▶

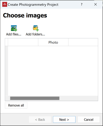 New.The Create Photogrammetry Project panel will open on the Choose images page.
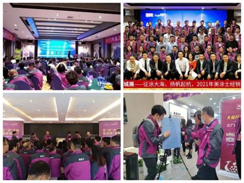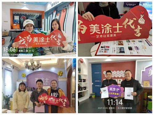 自零售新战略提出以来,美涂士一直坚持做优秀的一体化涂装解决方案提供者。由卖产品向卖效果再向卖涂装解决方案推进,做健康优质涂装产品的提供者,涂装效果搭配方案的提供者,涂装问题防范和解决方案的提供者和一站式涂装服务的提供者。在这一年里,美涂士孔雀开屏百城展在杭州站、吴忠站、遵义站、万州站等全国地方盛大启动,携手全国经销商合作伙伴,沉淀技术,研发具有强大竞争力的产品,创造经营优势,共同筑梦涂料行业的新辉煌。
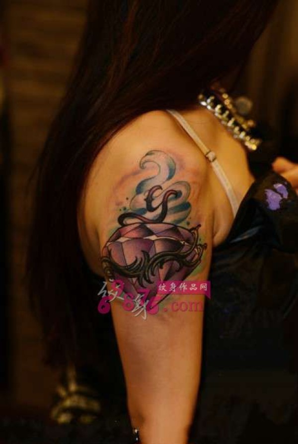 创意紫色大钻石手臂纹身图片
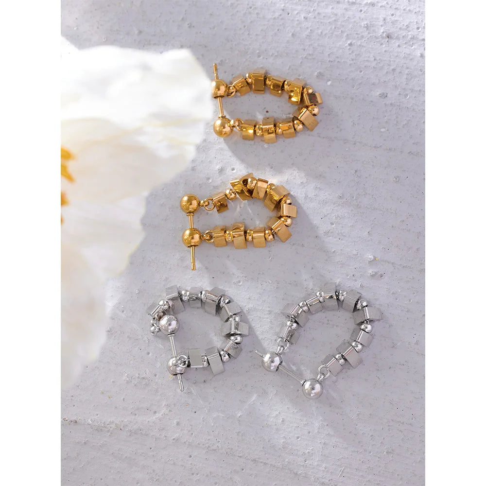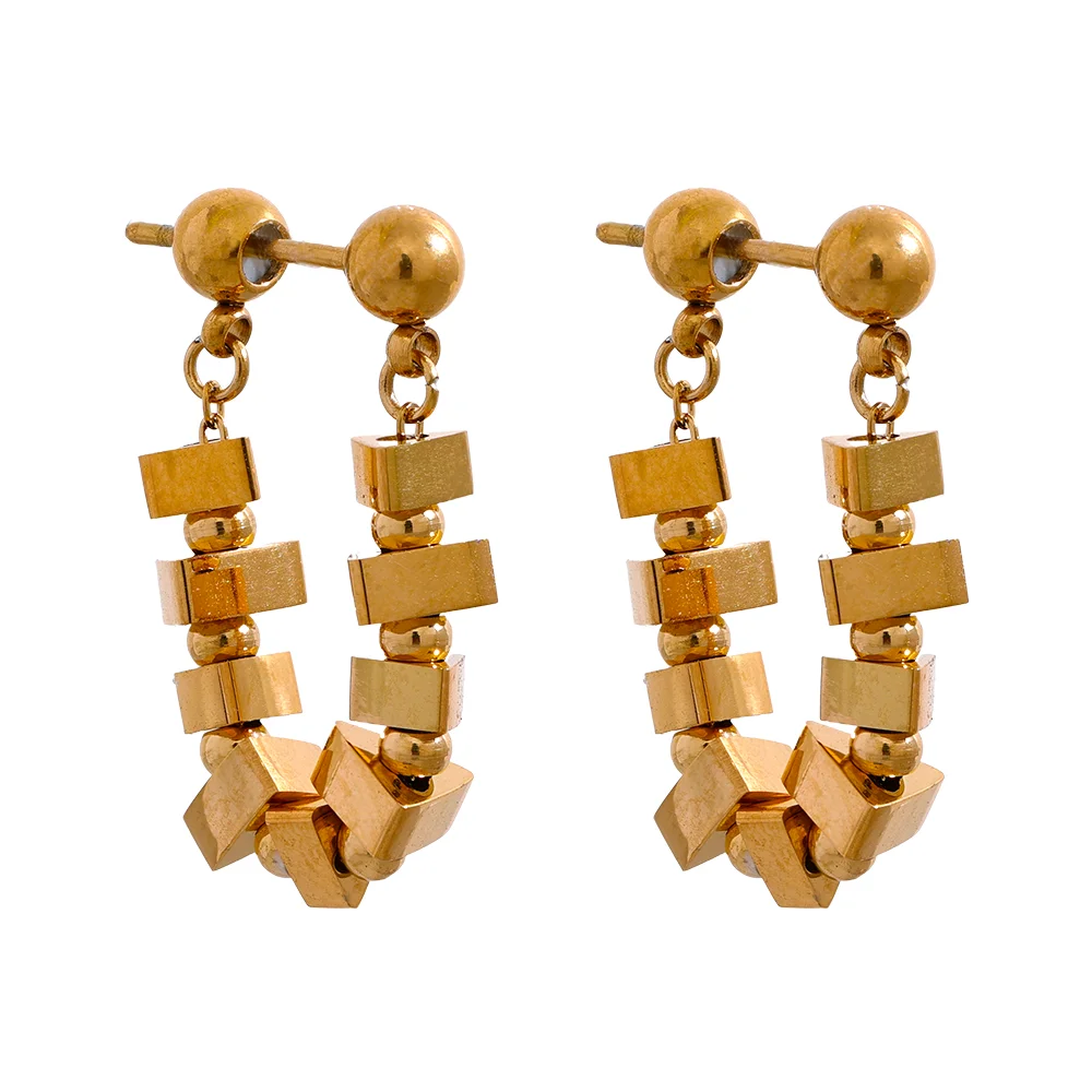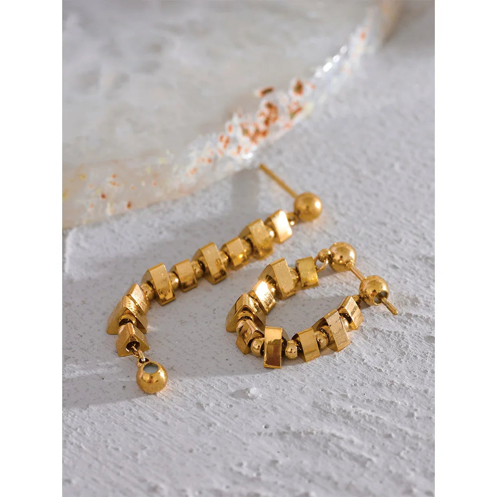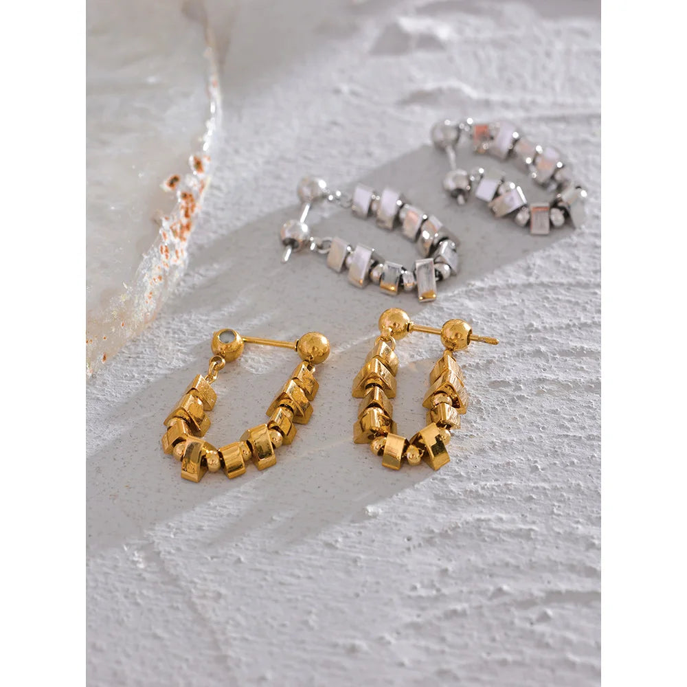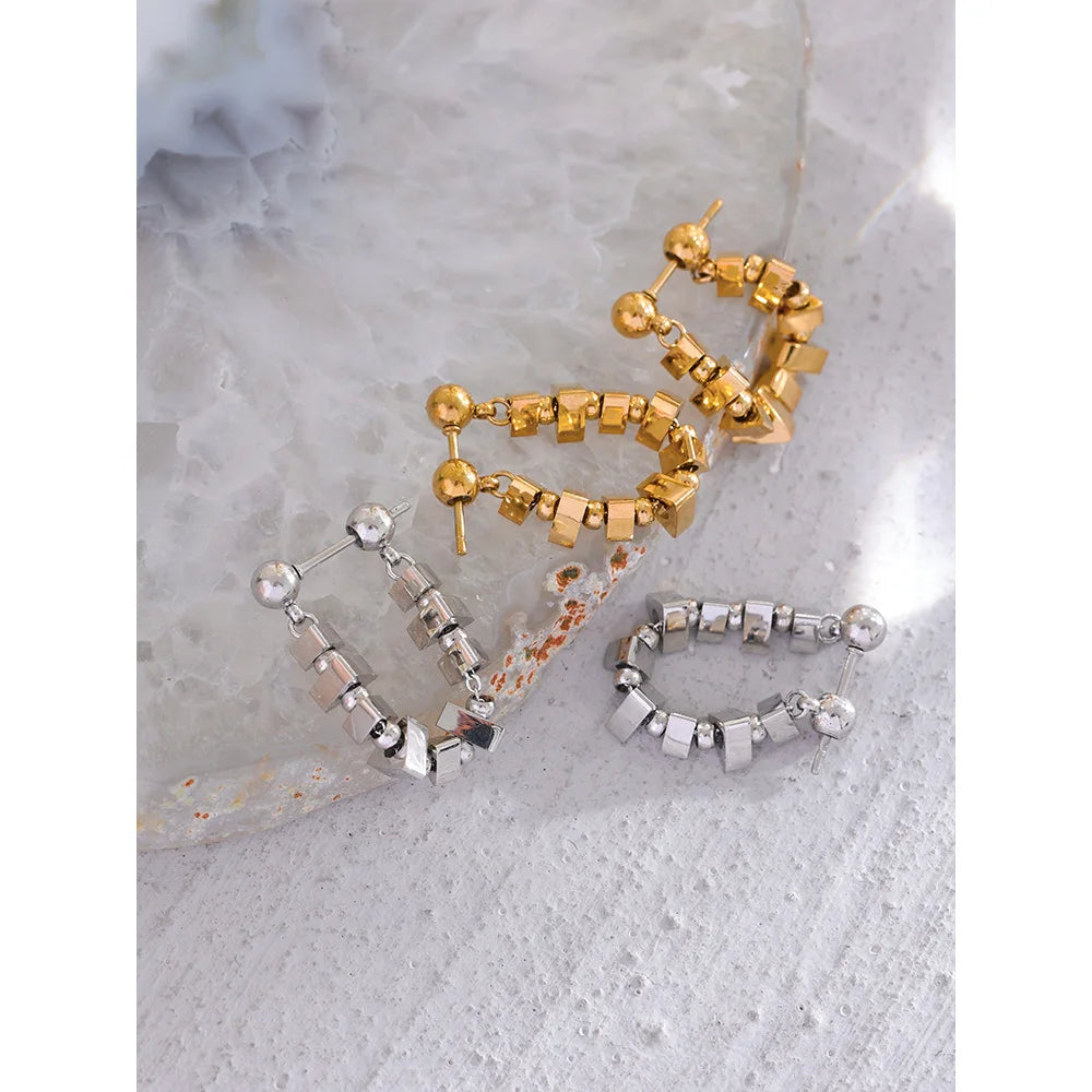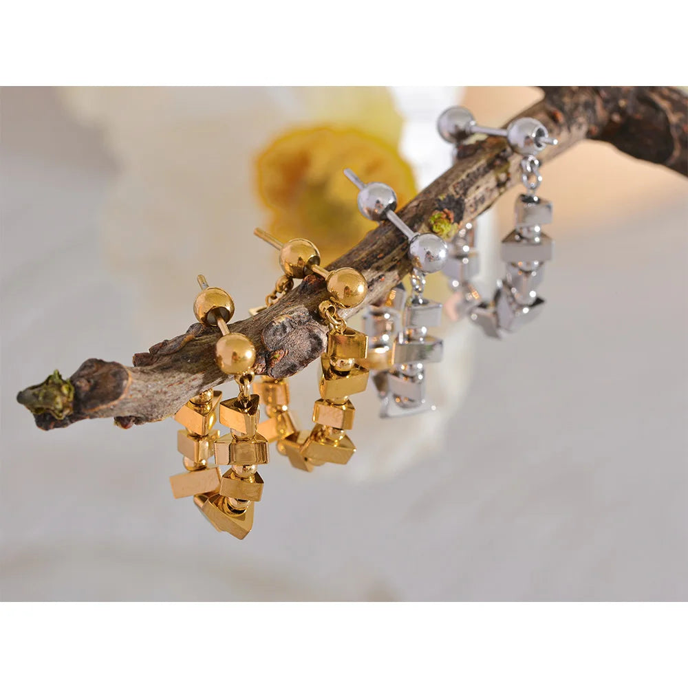 Realizzati in acciaio inossidabile 316L e placcati in oro o argento PVD 18K, presentano una catena di piccoli elementi quadrati lucidi che riflettono la luce da ogni angolazione, creando un effetto scintillante ma sofisticato.
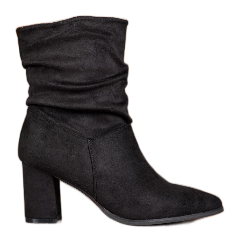 Apresentamos elegantes botins de salto alto Super Mode, que são uma excelente opção para mulheres que valorizam estilo e conforto. Confeccionados em camurça ecológica preta de alta qualidade, estes botins slip-on ficam ótimos com qualquer estilo, tanto no dia a dia como em ocasiões mais formais.
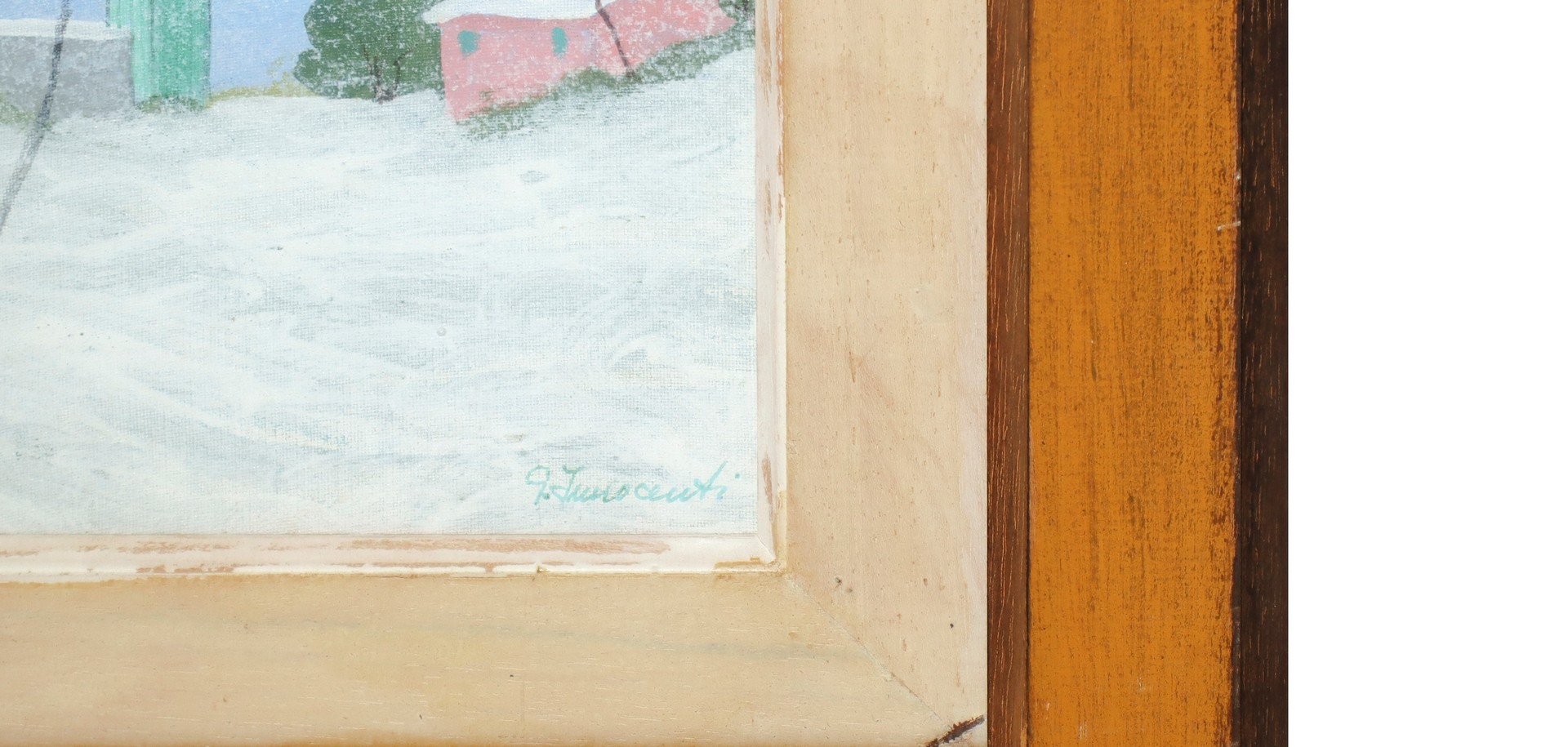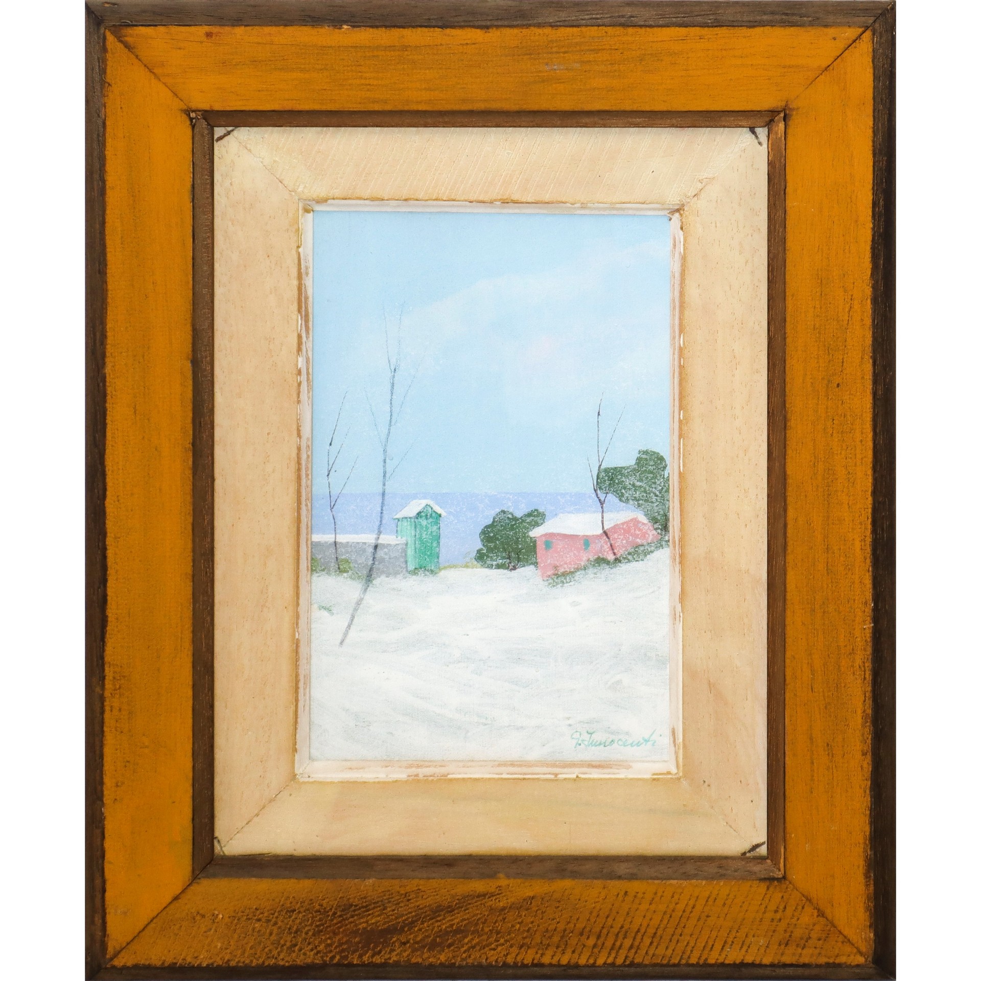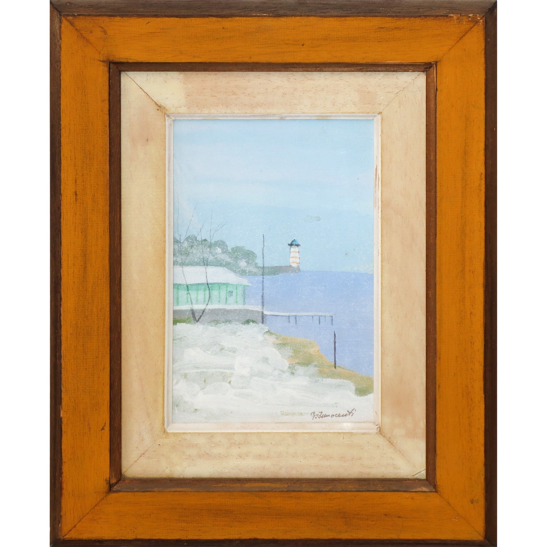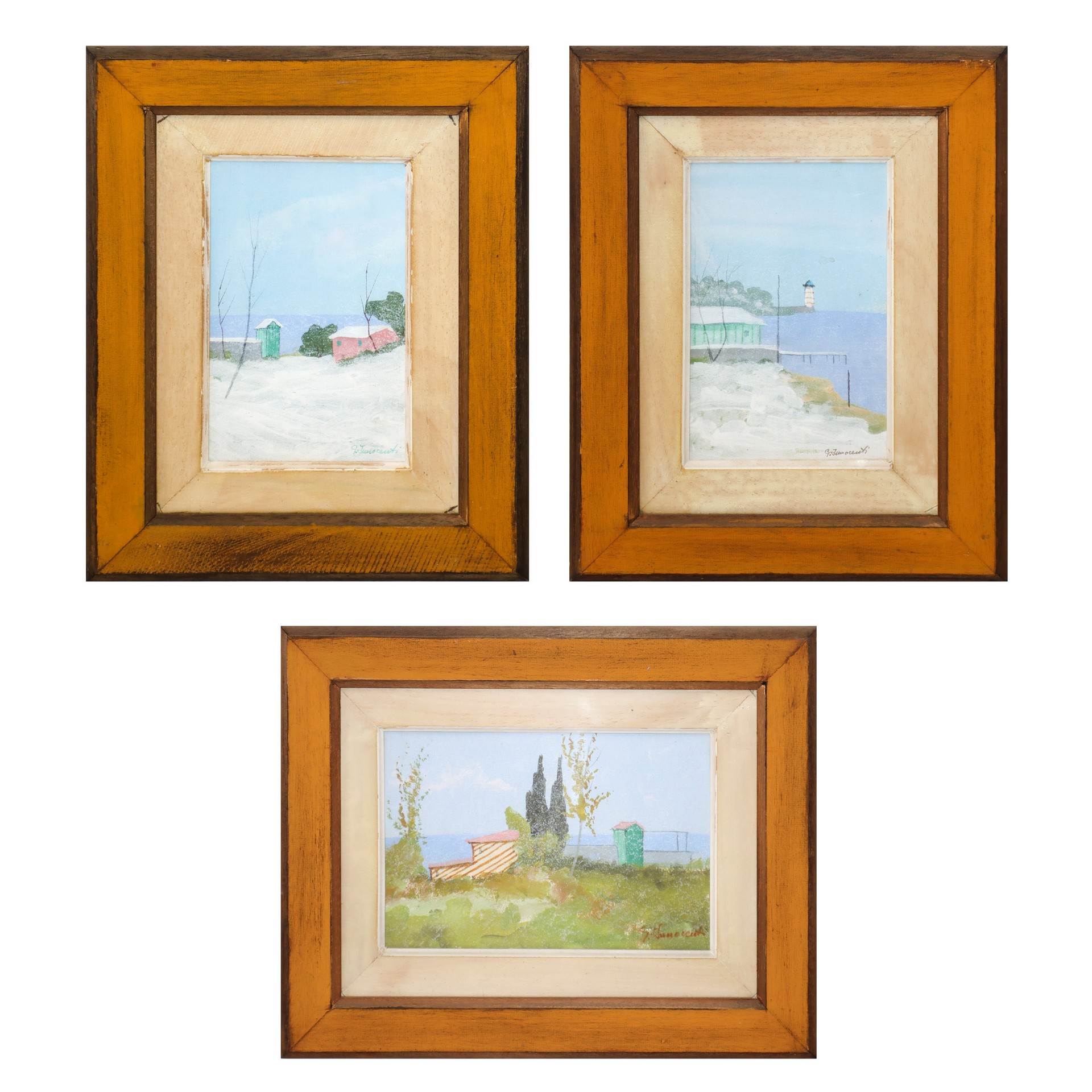 Trittico di dipinti, Faro, Paesaggio innevato sul mare, paesaggio con alberi sul mare Due dipinti cm 25x17, in cornice 42x34, uno cm 20x30 in cornice 37x47 Olio su cartone telato

◀

From the first line to the last, repeat the entries exactly and leave out the pictures.

Solution for this problem »
 New.The Create Photogrammetry Project panel will open on the Choose images page.
 自零售新战略提出以来,美涂士一直坚持做优秀的一体化涂装解决方案提供者。由卖产品向卖效果再向卖涂装解决方案推进,做健康优质涂装产品的提供者,涂装效果搭配方案的提供者,涂装问题防范和解决方案的提供者和一站式涂装服务的提供者。在这一年里,美涂士孔雀开屏百城展在杭州站、吴忠站、遵义站、万州站等全国地方盛大启动,携手全国经销商合作伙伴,沉淀技术,研发具有强大竞争力的产品,创造经营优势,共同筑梦涂料行业的新辉煌。
 创意紫色大钻石手臂纹身图片
 Realizzati in acciaio inossidabile 316L e placcati in oro o argento PVD 18K, presentano una catena di piccoli elementi quadrati lucidi che riflettono la luce da ogni angolazione, creando un effetto scintillante ma sofisticato.
 Apresentamos elegantes botins de salto alto Super Mode, que são uma excelente opção para mulheres que valorizam estilo e conforto. Confeccionados em camurça ecológica preta de alta qualidade, estes botins slip-on ficam ótimos com qualquer estilo, tanto no dia a dia como em ocasiões mais formais.
 Trittico di dipinti, Faro, Paesaggio innevato sul mare, paesaggio con alberi sul mare Due dipinti cm 25x17, in cornice 42x34, uno cm 20x30 in cornice 37x47 Olio su cartone telato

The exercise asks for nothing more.